> Data listing
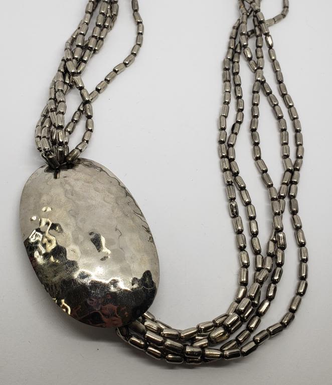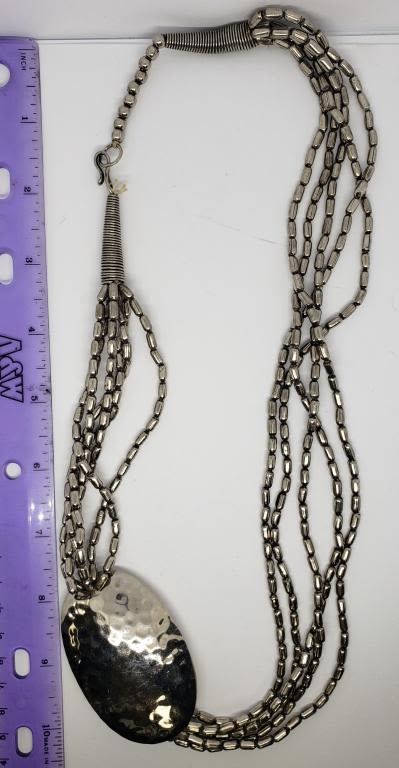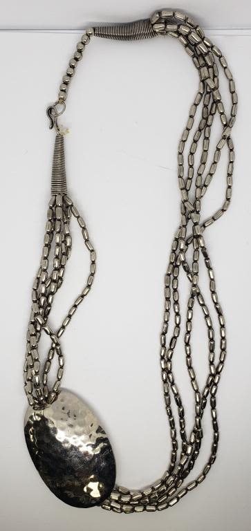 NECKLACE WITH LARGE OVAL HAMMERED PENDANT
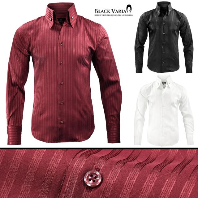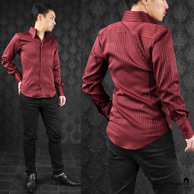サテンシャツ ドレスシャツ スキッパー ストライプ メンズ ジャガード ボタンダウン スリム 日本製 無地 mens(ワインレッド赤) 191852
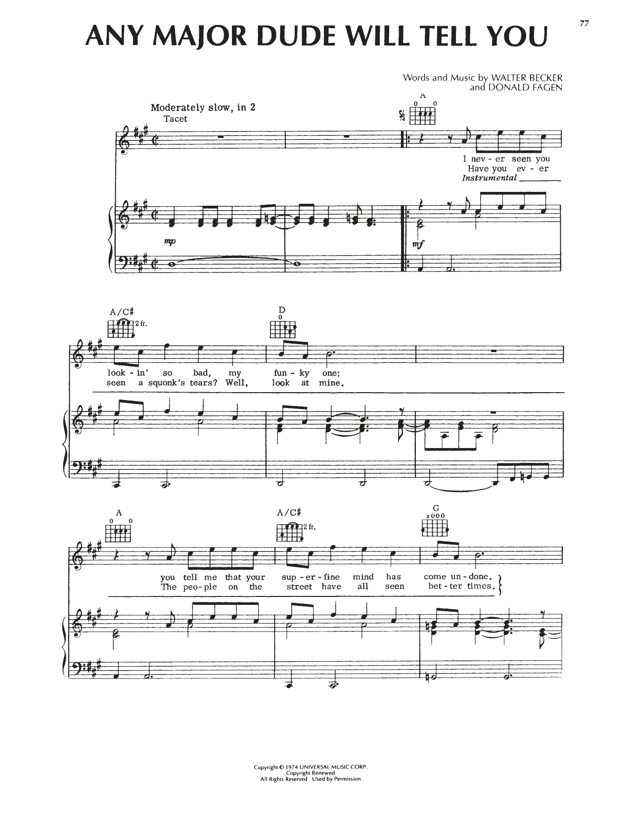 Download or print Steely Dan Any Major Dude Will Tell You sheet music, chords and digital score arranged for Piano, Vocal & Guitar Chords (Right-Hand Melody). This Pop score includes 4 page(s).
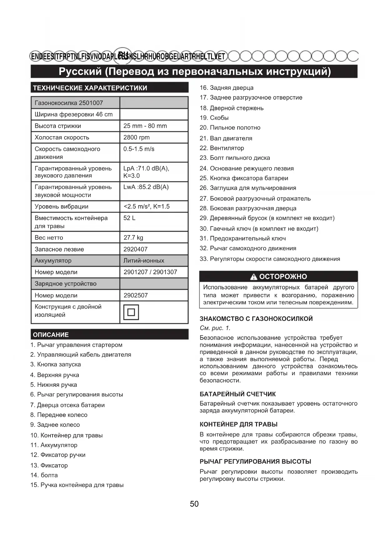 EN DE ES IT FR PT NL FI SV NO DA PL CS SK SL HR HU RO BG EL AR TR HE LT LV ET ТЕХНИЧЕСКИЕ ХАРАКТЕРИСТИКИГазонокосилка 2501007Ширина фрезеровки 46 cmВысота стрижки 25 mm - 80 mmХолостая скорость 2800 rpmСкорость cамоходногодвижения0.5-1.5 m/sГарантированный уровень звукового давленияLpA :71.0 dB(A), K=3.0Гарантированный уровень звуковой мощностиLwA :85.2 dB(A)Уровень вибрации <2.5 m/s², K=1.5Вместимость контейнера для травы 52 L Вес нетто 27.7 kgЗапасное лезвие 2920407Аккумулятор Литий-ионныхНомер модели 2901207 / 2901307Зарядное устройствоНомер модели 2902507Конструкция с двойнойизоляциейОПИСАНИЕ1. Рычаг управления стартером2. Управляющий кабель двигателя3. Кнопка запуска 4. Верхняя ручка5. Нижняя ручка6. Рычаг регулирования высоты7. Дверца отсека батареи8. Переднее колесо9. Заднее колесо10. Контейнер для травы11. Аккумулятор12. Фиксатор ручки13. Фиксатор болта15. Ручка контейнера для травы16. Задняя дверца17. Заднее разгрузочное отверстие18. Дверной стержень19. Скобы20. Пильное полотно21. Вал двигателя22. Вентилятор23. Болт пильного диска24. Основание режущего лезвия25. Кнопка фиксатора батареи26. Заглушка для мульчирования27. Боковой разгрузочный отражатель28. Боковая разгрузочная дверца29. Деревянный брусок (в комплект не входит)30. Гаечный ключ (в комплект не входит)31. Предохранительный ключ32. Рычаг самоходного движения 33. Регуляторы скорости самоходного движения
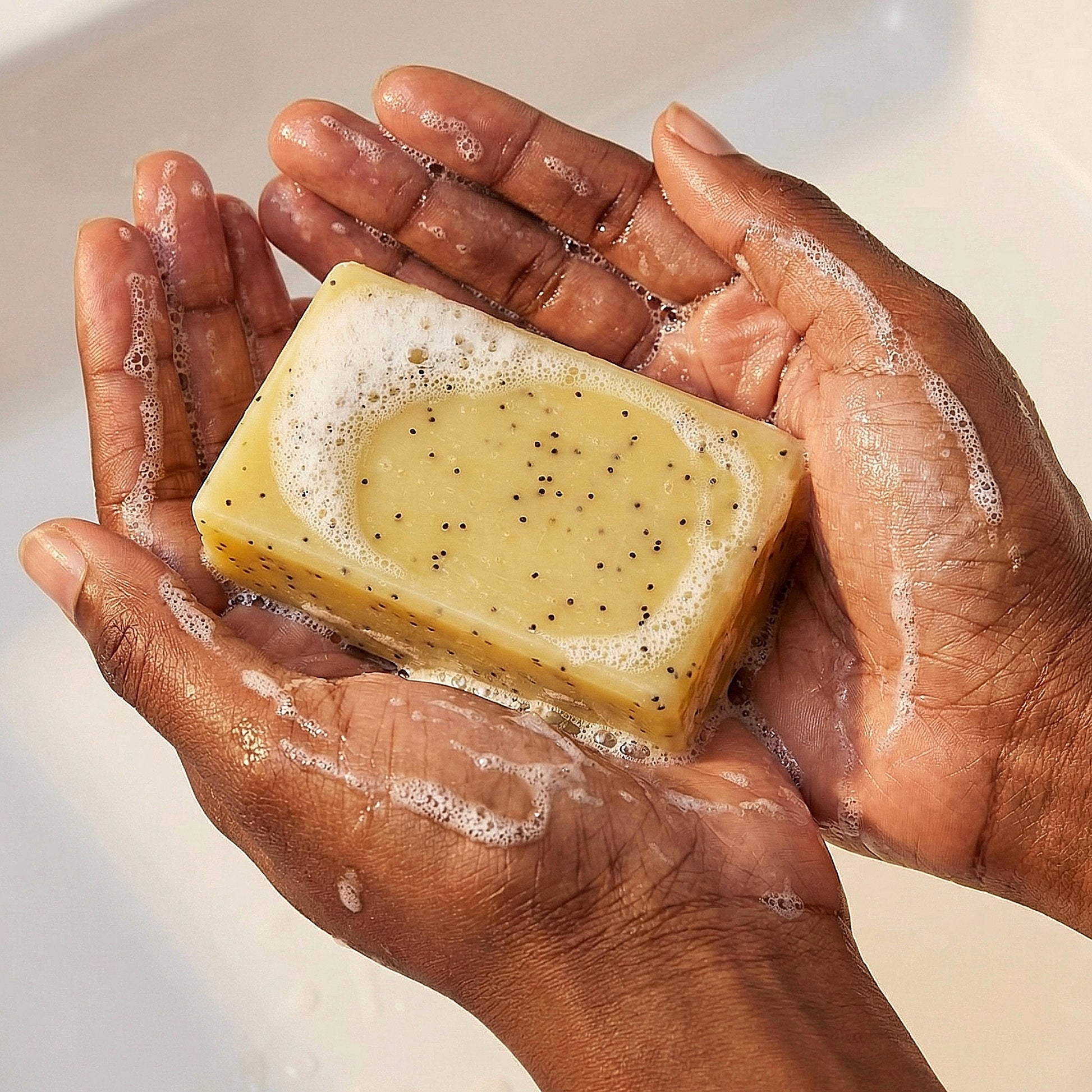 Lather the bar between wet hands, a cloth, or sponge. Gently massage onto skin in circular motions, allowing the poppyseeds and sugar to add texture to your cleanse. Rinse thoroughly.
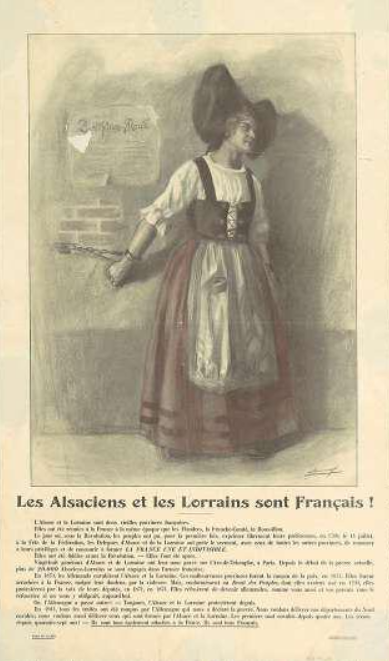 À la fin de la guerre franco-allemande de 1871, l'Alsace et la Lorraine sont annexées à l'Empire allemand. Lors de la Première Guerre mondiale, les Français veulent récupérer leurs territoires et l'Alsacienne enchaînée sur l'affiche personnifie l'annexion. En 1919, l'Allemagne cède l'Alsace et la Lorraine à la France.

> How to complete this task
The data above must be written out again without alteration, and the pictures in them must be excluded.

> Worked solution
 NECKLACE WITH LARGE OVAL HAMMERED PENDANT
サテンシャツ ドレスシャツ スキッパー ストライプ メンズ ジャガード ボタンダウン スリム 日本製 無地 mens(ワインレッド赤) 191852
 Download or print Steely Dan Any Major Dude Will Tell You sheet music, chords and digital score arranged for Piano, Vocal & Guitar Chords (Right-Hand Melody). This Pop score includes 4 page(s).
 EN DE ES IT FR PT NL FI SV NO DA PL CS SK SL HR HU RO BG EL AR TR HE LT LV ET ТЕХНИЧЕСКИЕ ХАРАКТЕРИСТИКИГазонокосилка 2501007Ширина фрезеровки 46 cmВысота стрижки 25 mm - 80 mmХолостая скорость 2800 rpmСкорость cамоходногодвижения0.5-1.5 m/sГарантированный уровень звукового давленияLpA :71.0 dB(A), K=3.0Гарантированный уровень звуковой мощностиLwA :85.2 dB(A)Уровень вибрации <2.5 m/s², K=1.5Вместимость контейнера для травы 52 L Вес нетто 27.7 kgЗапасное лезвие 2920407Аккумулятор Литий-ионныхНомер модели 2901207 / 2901307Зарядное устройствоНомер модели 2902507Конструкция с двойнойизоляциейОПИСАНИЕ1. Рычаг управления стартером2. Управляющий кабель двигателя3. Кнопка запуска 4. Верхняя ручка5. Нижняя ручка6. Рычаг регулирования высоты7. Дверца отсека батареи8. Переднее колесо9. Заднее колесо10. Контейнер для травы11. Аккумулятор12. Фиксатор ручки13. Фиксатор болта15. Ручка контейнера для травы16. Задняя дверца17. Заднее разгрузочное отверстие18. Дверной стержень19. Скобы20. Пильное полотно21. Вал двигателя22. Вентилятор23. Болт пильного диска24. Основание режущего лезвия25. Кнопка фиксатора батареи26. Заглушка для мульчирования27. Боковой разгрузочный отражатель28. Боковая разгрузочная дверца29. Деревянный брусок (в комплект не входит)30. Гаечный ключ (в комплект не входит)31. Предохранительный ключ32. Рычаг самоходного движения 33. Регуляторы скорости самоходного движения
 Lather the bar between wet hands, a cloth, or sponge. Gently massage onto skin in circular motions, allowing the poppyseeds and sugar to add texture to your cleanse. Rinse thoroughly.
 À la fin de la guerre franco-allemande de 1871, l'Alsace et la Lorraine sont annexées à l'Empire allemand. Lors de la Première Guerre mondiale, les Français veulent récupérer leurs territoires et l'Alsacienne enchaînée sur l'affiche personnifie l'annexion. En 1919, l'Allemagne cède l'Alsace et la Lorraine à la France.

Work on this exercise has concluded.